**REQUIRED ACTION**
All the entries need to be duplicated exactly, with the pictures omitted.

**AVAILABLE DATA**

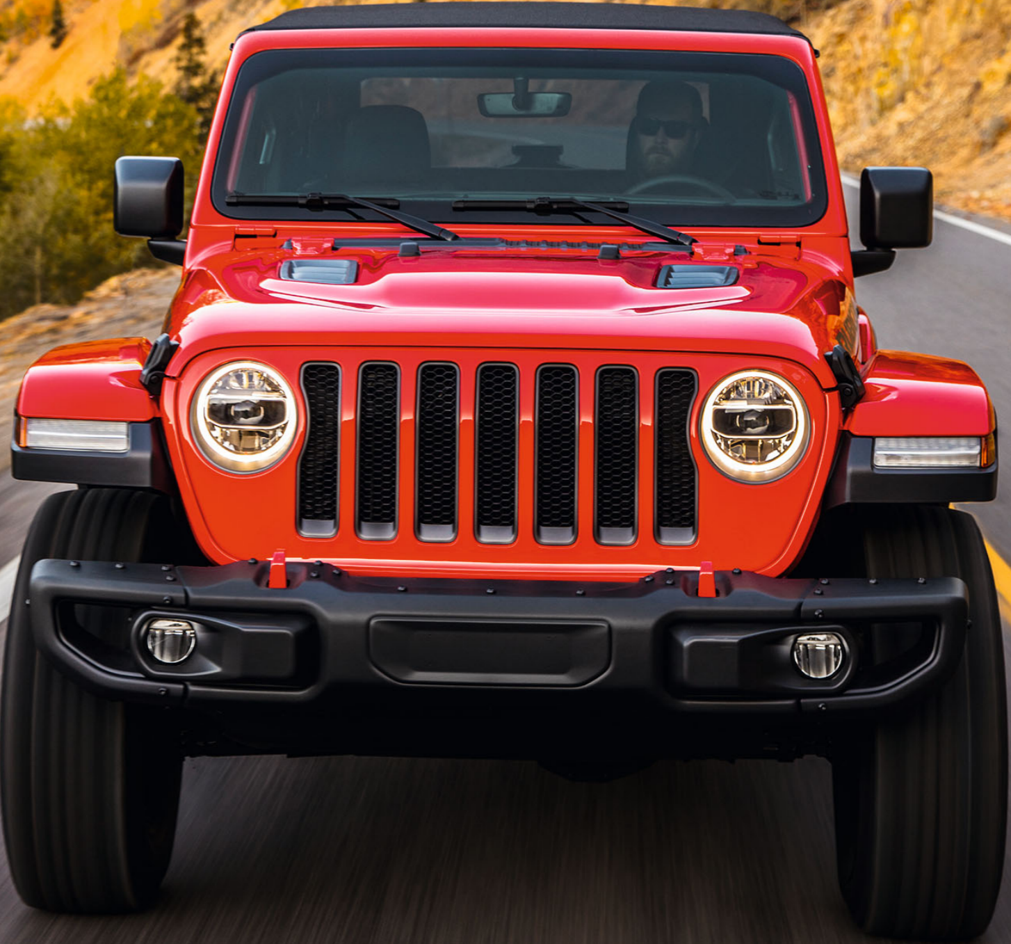
Abbildung zeigt US-Modell.
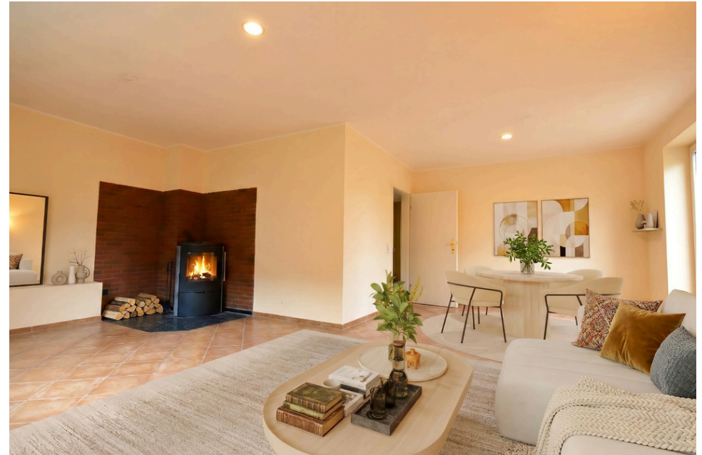
Wohn-Esszimmer (li.original,re.digital eingerichtet)
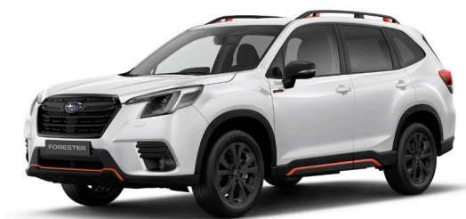
Crystal White Pearl
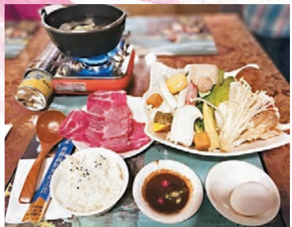
不少餐廳為迎合獨身族，推出一人餐。 資料圖片
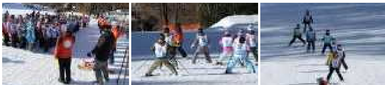
同じ日のパラダで、4～6年生はスキー教室を行いました
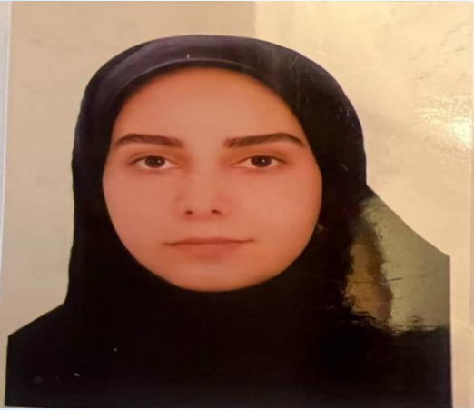
حدیث شاه حسینی
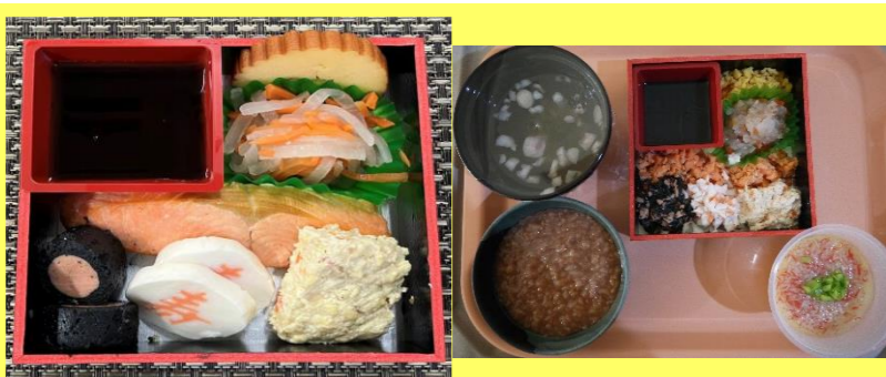
ソフトB食 (歯ぐきでつぶせるやわらかさ)

☆噛むことが難しい方には、 このように細かく刻んで食 べやすくしたり、ムース状 のお食事を提供しています。
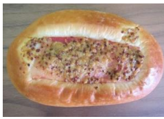
ベーコンマスタード 110円
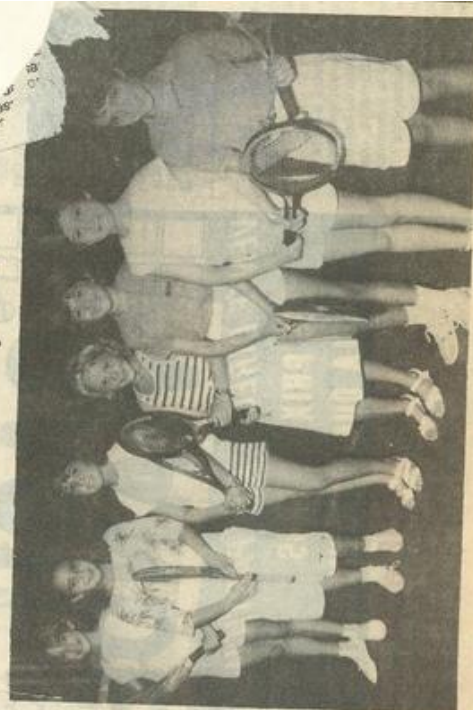
• Une belle brochette.

Dès le mini-tennis, dès l'âge de 6 ans, déjà on peut prétendre à participer aux championnats. C'est de la bonne graine de champions que l'on prépare ainsi à l'école de tennis.
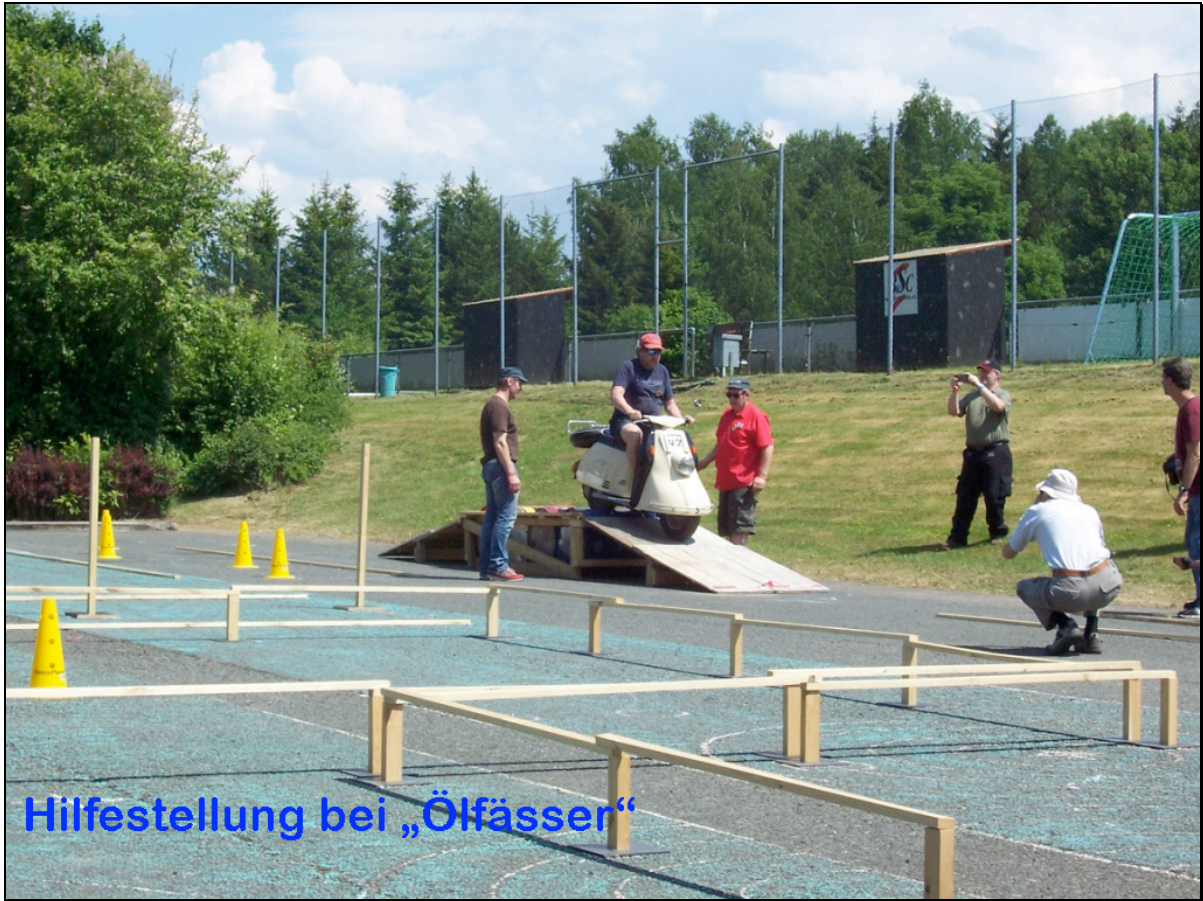
Hilfestellung bei „Ölfässer“
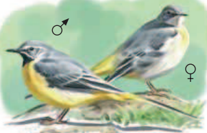
● Lavandera cascadera ( Motacilla cinerea ) Grey Wagtail.
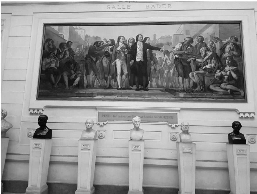
FIG. 3. — Philippe Pinel délivrant les aliénés de leurs fers à Bicêtre (1793). Tableau de Charles Louis Müller. Académie nationale de médecine.
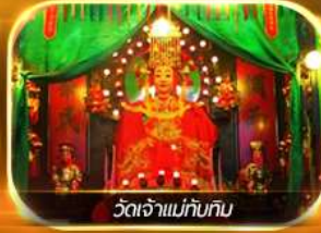
วัดเจ้าแม่ทับทิม
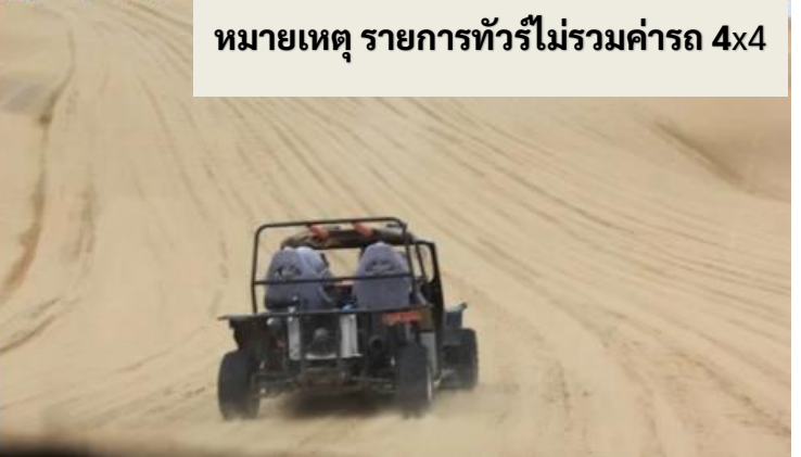
หมายเหตุ รายการทัวร์ไม่รวมค่ารถ 4x4

กลางวัน รับประทานอาหารกลางวัน ณ ภัตตาคาร (เมื่อที่ 8)
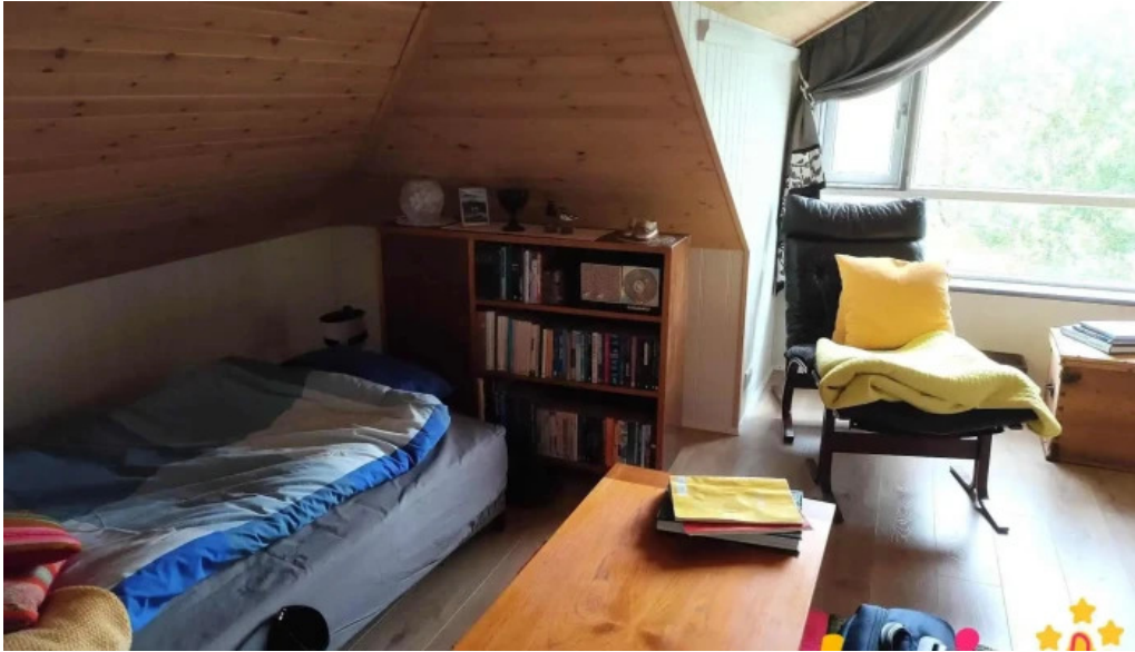
Frostastadir gistihus herbergi
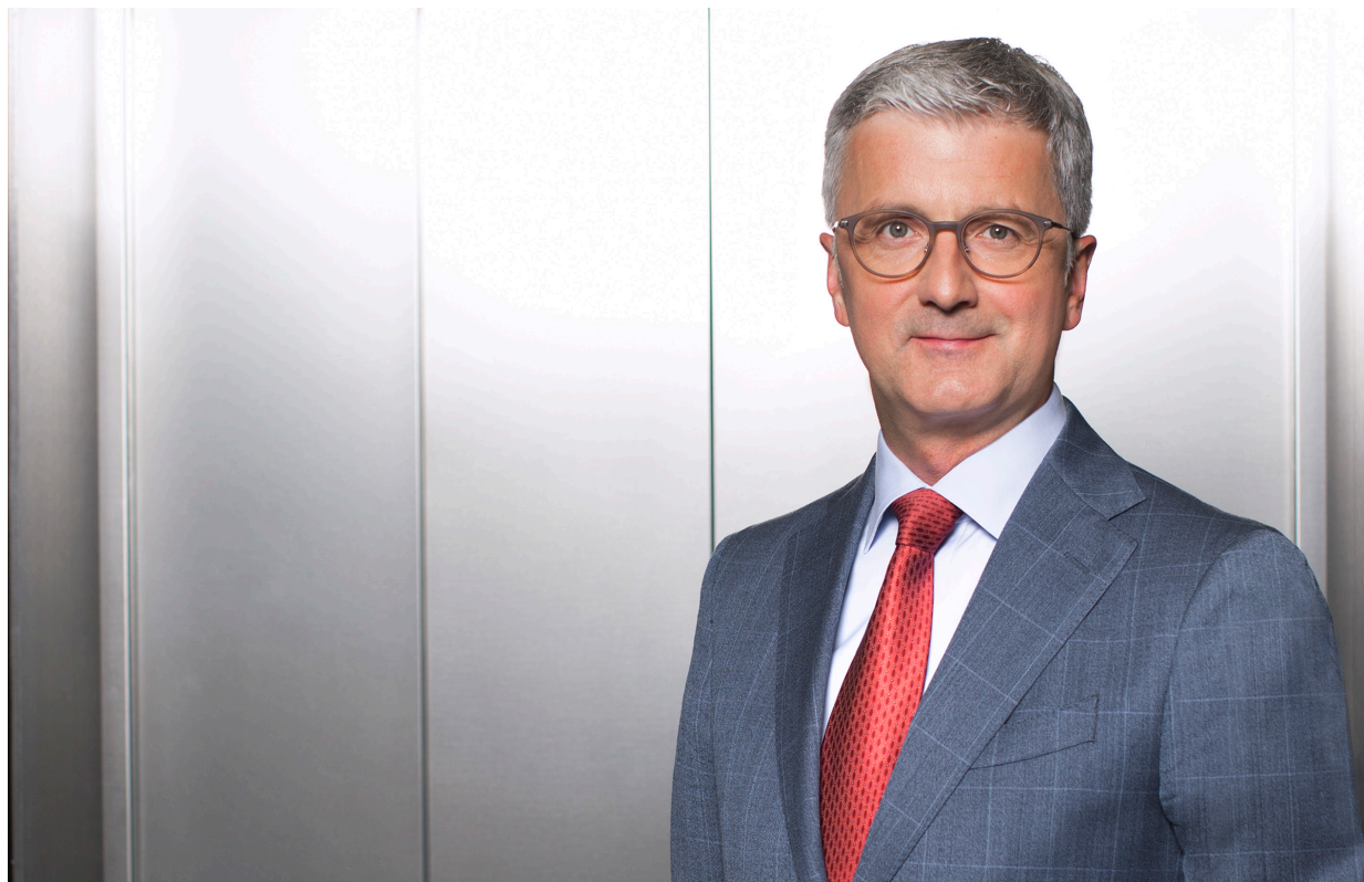
Prof. Rupert Stadler Vorsitzender des Vorstands der AUDI AG

Liebe Aktionärinnen und Aktionäre Liebe Leserinnen und Leser,
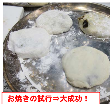
お焼きの試行⇒大成功!
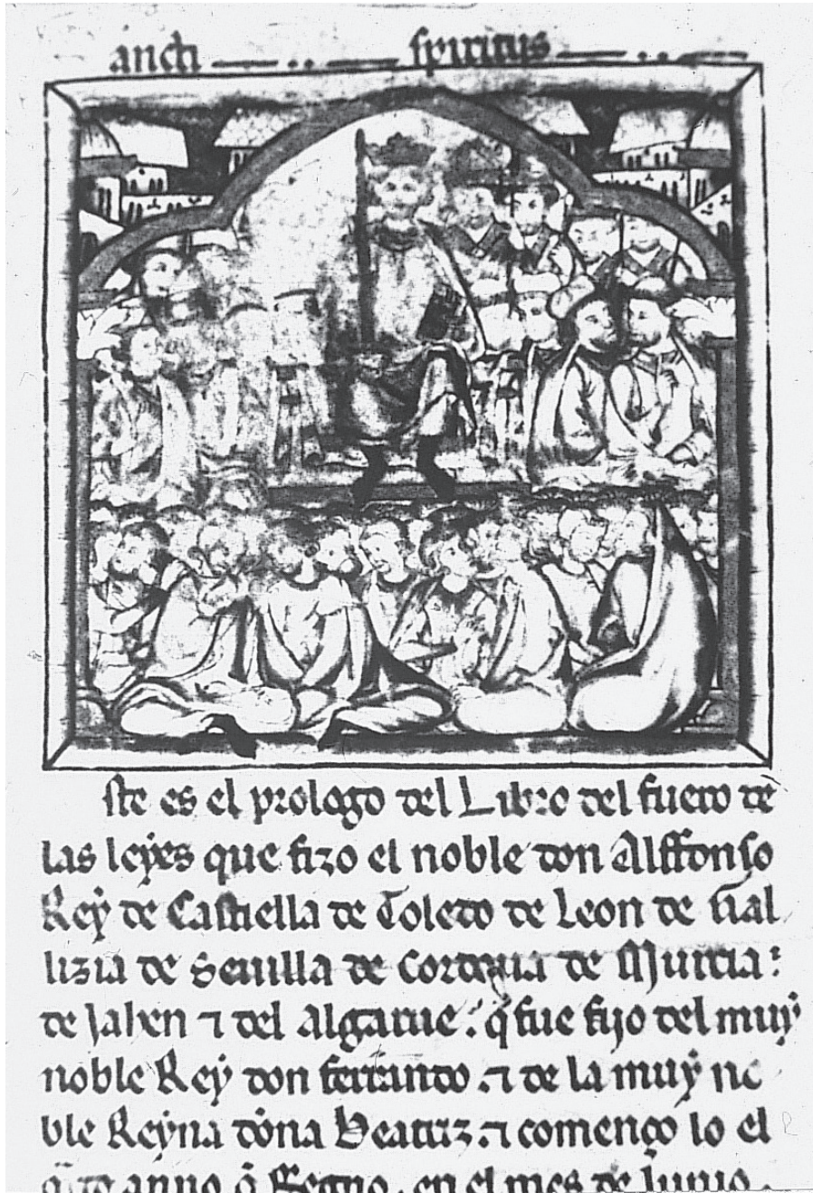
Figura 1.- Alfonso X como legislador, British Library, Add. ms. 20787, f.1
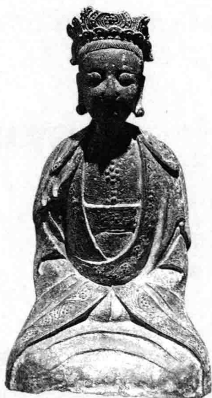
观音菩萨像 宋代铜观音菩萨像
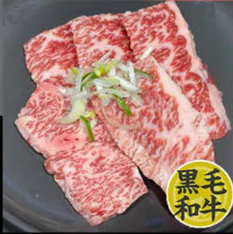
カルビ 780円 (税込 858円)
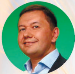
Олег Бондаренко , Голова Комітету Верховної Ради України з питань екологічної політики та природокористування

Сесія 1. Державна екотрансформаційна політика. Як Green Deal вплине на агросферу: шлях сталого розвитку 10.00 – 10.30 ДО ДИСКУСІЙ ЗАПРОШЕНО:
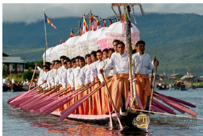
Khakha 单桨划船的桨手们

10月，德丁卒月十五日为“德丁卒”点灯节，这天房屋、公园装饰灯光闪亮以迎接佛陀从天归来；曼德勒附近这时候会有异彩纷呈的大象舞蹈。10月同样标志着斋月的结束。现在可以结婚和搬家了。11月的月圆之夜会迎来第二个灯节，缅甸人称“达桑岱”点灯节。年青女孩们会连夜为僧侣赶制袈裟。在茵莱湖附近的东枝，五颜六色的气球遮住了天空，庆祝斋月的结束。

**SOLUTION TO THIS TASK**
Abbildung zeigt US-Modell.
Wohn-Esszimmer (li.original,re.digital eingerichtet)
Crystal White Pearl
不少餐廳為迎合獨身族，推出一人餐。 資料圖片
同じ日のパラダで、4～6年生はスキー教室を行いました
حدیث شاه حسینی
ソフトB食 (歯ぐきでつぶせるやわらかさ)

☆噛むことが難しい方には、 このように細かく刻んで食 べやすくしたり、ムース状 のお食事を提供しています。
ベーコンマスタード 110円
• Une belle brochette.

Dès le mini-tennis, dès l'âge de 6 ans, déjà on peut prétendre à participer aux championnats. C'est de la bonne graine de champions que l'on prépare ainsi à l'école de tennis.
Hilfestellung bei „Ölfässer“
● Lavandera cascadera ( Motacilla cinerea ) Grey Wagtail.
FIG. 3. — Philippe Pinel délivrant les aliénés de leurs fers à Bicêtre (1793). Tableau de Charles Louis Müller. Académie nationale de médecine.
วัดเจ้าแม่ทับทิม
หมายเหตุ รายการทัวร์ไม่รวมค่ารถ 4x4

กลางวัน รับประทานอาหารกลางวัน ณ ภัตตาคาร (เมื่อที่ 8)
Frostastadir gistihus herbergi
Prof. Rupert Stadler Vorsitzender des Vorstands der AUDI AG

Liebe Aktionärinnen und Aktionäre Liebe Leserinnen und Leser,
お焼きの試行⇒大成功!
Figura 1.- Alfonso X como legislador, British Library, Add. ms. 20787, f.1
观音菩萨像 宋代铜观音菩萨像
カルビ 780円 (税込 858円)
Олег Бондаренко , Голова Комітету Верховної Ради України з питань екологічної політики та природокористування

Сесія 1. Державна екотрансформаційна політика. Як Green Deal вплине на агросферу: шлях сталого розвитку 10.00 – 10.30 ДО ДИСКУСІЙ ЗАПРОШЕНО:
Khakha 单桨划船的桨手们

10月，德丁卒月十五日为“德丁卒”点灯节，这天房屋、公园装饰灯光闪亮以迎接佛陀从天归来；曼德勒附近这时候会有异彩纷呈的大象舞蹈。10月同样标志着斋月的结束。现在可以结婚和搬家了。11月的月圆之夜会迎来第二个灯节，缅甸人称“达桑岱”点灯节。年青女孩们会连夜为僧侣赶制袈裟。在茵莱湖附近的东枝，五颜六色的气球遮住了天空，庆祝斋月的结束。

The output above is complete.